# Exercise details
These records contain pictures, which must be left out; copy exactly the lines from the one with "It's a premium" up to and including the one with "This third pack".

# Exercise inputs
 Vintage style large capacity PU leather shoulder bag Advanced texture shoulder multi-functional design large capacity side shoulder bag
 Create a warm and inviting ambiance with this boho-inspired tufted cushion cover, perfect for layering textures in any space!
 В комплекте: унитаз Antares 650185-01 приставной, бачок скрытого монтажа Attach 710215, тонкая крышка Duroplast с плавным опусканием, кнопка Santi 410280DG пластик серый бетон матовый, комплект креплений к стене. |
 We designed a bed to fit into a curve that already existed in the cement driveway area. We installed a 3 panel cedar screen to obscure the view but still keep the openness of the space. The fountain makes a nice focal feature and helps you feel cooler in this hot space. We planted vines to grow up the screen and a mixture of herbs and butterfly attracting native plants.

==

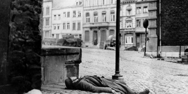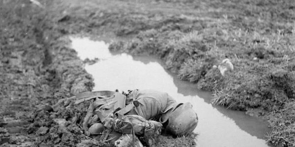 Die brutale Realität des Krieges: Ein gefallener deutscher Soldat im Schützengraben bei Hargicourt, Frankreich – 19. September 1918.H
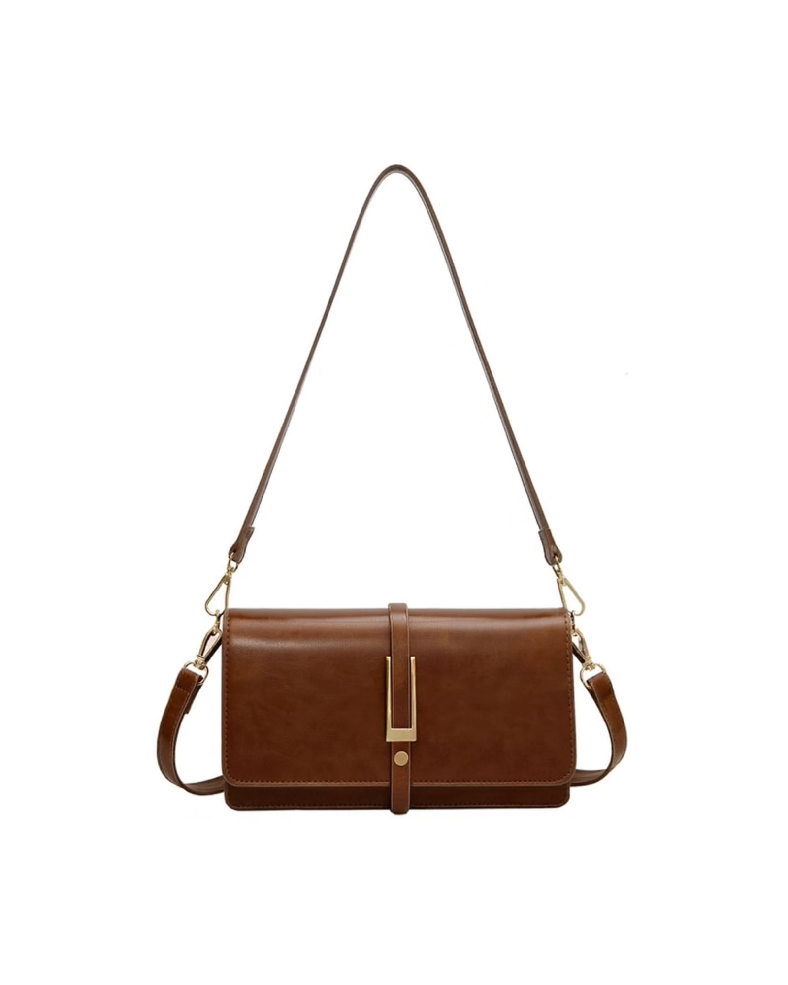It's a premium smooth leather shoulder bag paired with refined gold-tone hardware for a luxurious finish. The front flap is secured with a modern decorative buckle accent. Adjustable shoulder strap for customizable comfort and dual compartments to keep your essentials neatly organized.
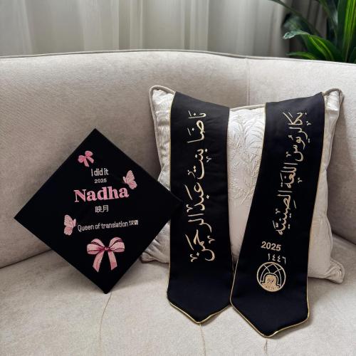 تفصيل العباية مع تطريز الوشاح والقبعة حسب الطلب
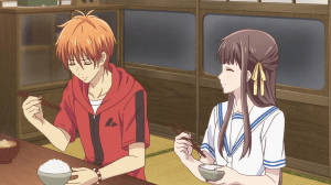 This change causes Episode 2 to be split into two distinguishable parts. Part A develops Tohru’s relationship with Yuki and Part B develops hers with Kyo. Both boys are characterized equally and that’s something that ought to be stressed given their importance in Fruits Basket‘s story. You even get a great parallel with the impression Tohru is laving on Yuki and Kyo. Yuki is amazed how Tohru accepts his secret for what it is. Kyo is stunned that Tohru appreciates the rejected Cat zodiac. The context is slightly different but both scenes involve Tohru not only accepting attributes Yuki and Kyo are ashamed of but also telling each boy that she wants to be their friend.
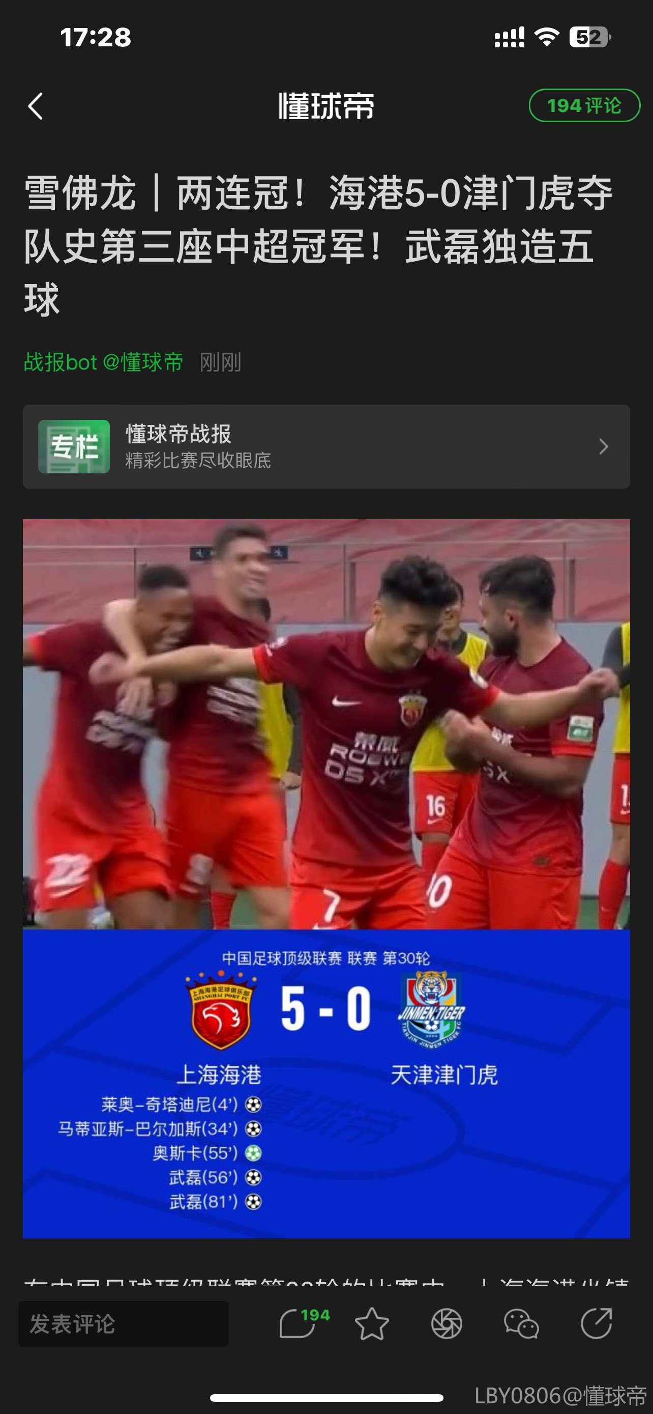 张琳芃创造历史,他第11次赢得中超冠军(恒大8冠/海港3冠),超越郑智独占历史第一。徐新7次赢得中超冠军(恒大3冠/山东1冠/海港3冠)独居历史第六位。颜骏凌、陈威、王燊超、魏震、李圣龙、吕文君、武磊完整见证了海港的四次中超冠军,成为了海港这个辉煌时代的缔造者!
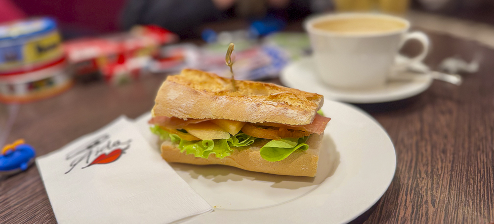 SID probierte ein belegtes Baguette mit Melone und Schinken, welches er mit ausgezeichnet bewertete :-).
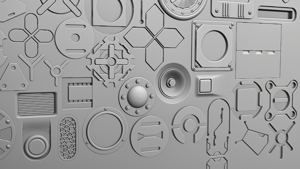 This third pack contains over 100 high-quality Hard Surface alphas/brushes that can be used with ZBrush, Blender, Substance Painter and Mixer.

# Output below
It's a premium smooth leather shoulder bag paired with refined gold-tone hardware for a luxurious finish. The front flap is secured with a modern decorative buckle accent. Adjustable shoulder strap for customizable comfort and dual compartments to keep your essentials neatly organized.
 تفصيل العباية مع تطريز الوشاح والقبعة حسب الطلب
 This change causes Episode 2 to be split into two distinguishable parts. Part A develops Tohru’s relationship with Yuki and Part B develops hers with Kyo. Both boys are characterized equally and that’s something that ought to be stressed given their importance in Fruits Basket‘s story. You even get a great parallel with the impression Tohru is laving on Yuki and Kyo. Yuki is amazed how Tohru accepts his secret for what it is. Kyo is stunned that Tohru appreciates the rejected Cat zodiac. The context is slightly different but both scenes involve Tohru not only accepting attributes Yuki and Kyo are ashamed of but also telling each boy that she wants to be their friend.
 张琳芃创造历史,他第11次赢得中超冠军(恒大8冠/海港3冠),超越郑智独占历史第一。徐新7次赢得中超冠军(恒大3冠/山东1冠/海港3冠)独居历史第六位。颜骏凌、陈威、王燊超、魏震、李圣龙、吕文君、武磊完整见证了海港的四次中超冠军,成为了海港这个辉煌时代的缔造者!
 SID probierte ein belegtes Baguette mit Melone und Schinken, welches er mit ausgezeichnet bewertete :-).
 This third pack contains over 100 high-quality Hard Surface alphas/brushes that can be used with ZBrush, Blender, Substance Painter and Mixer.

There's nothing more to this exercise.